[DATASET EXCERPT]:
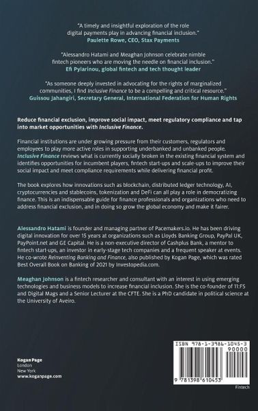 Reduce financial exclusion, improve social impact, meet regulatory compliance and tap into market opportunities with Inclusive Finance. Financial institutions are under growing pressure from their customers, regulators and employees to play more active roles in supporting underbanked and unbanked individuals. Inclusive Finance reviews what is currently socially broken in the existing financial system and identifies opportunities for how incumbent players, fintech start-ups and scale ups can improve their social impact and meet compliance requirements while delivering financial profit. Inclusive Finance explores how innovations such as blockchain, distributed ledger technology, AI, cryptocurrencies and stablecoins, tokenization and DeFi can all play a role in democratizing finance. Written by two esteemed finance experts that are driving digital innovation, this is an indispensable guide for finance professionals and organizations who need to address financial exclusion, making the global economy larger and fairer.
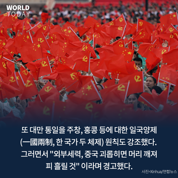 또 대만 통일을 주창, 홍콩 등에 대한 일국양제(一國兩制, 한 국가 두 체제) 원칙도 강조했다. 그러면서 "외부세력, 중국 괴롭히면 머리 깨져 피 흘릴 것"이라며 경고했다.
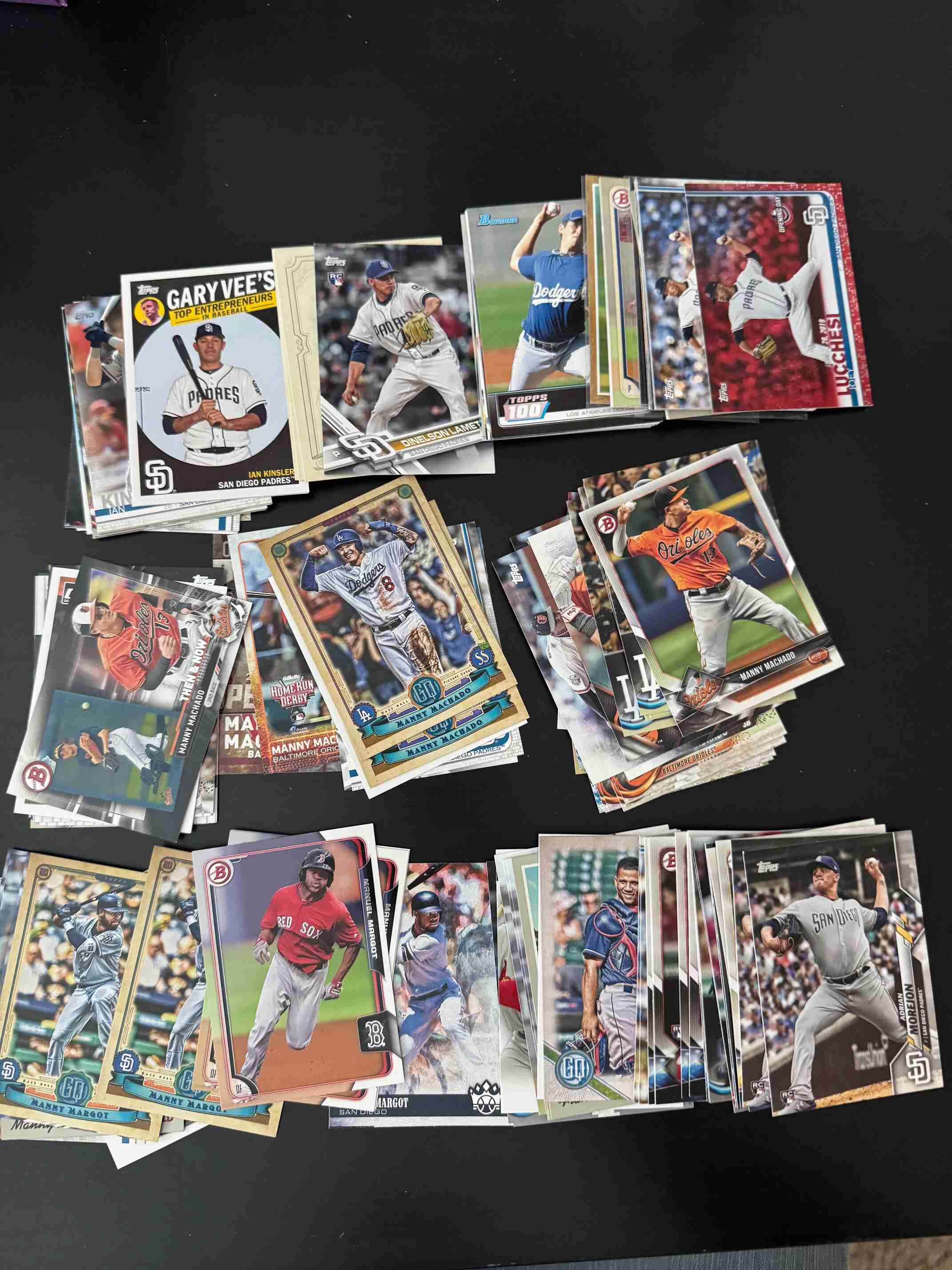 Some rookie cards, inserts, and parallels may be included in the lot. See photos for some examples of what is included in the lot. Examples of players included in the lot are: Manny Machado, Travis Jankowski, Ian Kinsler, Francisco Mejia, Wil Myers, Yommy Pham, Hunter Renfroe, and MORE.

[EXERCISE BRIEF]:
A word-for-word copy of the material is required; pictures stay out of it.

[EXERCISE ANSWER]:
 Reduce financial exclusion, improve social impact, meet regulatory compliance and tap into market opportunities with Inclusive Finance. Financial institutions are under growing pressure from their customers, regulators and employees to play more active roles in supporting underbanked and unbanked individuals. Inclusive Finance reviews what is currently socially broken in the existing financial system and identifies opportunities for how incumbent players, fintech start-ups and scale ups can improve their social impact and meet compliance requirements while delivering financial profit. Inclusive Finance explores how innovations such as blockchain, distributed ledger technology, AI, cryptocurrencies and stablecoins, tokenization and DeFi can all play a role in democratizing finance. Written by two esteemed finance experts that are driving digital innovation, this is an indispensable guide for finance professionals and organizations who need to address financial exclusion, making the global economy larger and fairer.
 또 대만 통일을 주창, 홍콩 등에 대한 일국양제(一國兩制, 한 국가 두 체제) 원칙도 강조했다. 그러면서 "외부세력, 중국 괴롭히면 머리 깨져 피 흘릴 것"이라며 경고했다.
 Some rookie cards, inserts, and parallels may be included in the lot. See photos for some examples of what is included in the lot. Examples of players included in the lot are: Manny Machado, Travis Jankowski, Ian Kinsler, Francisco Mejia, Wil Myers, Yommy Pham, Hunter Renfroe, and MORE.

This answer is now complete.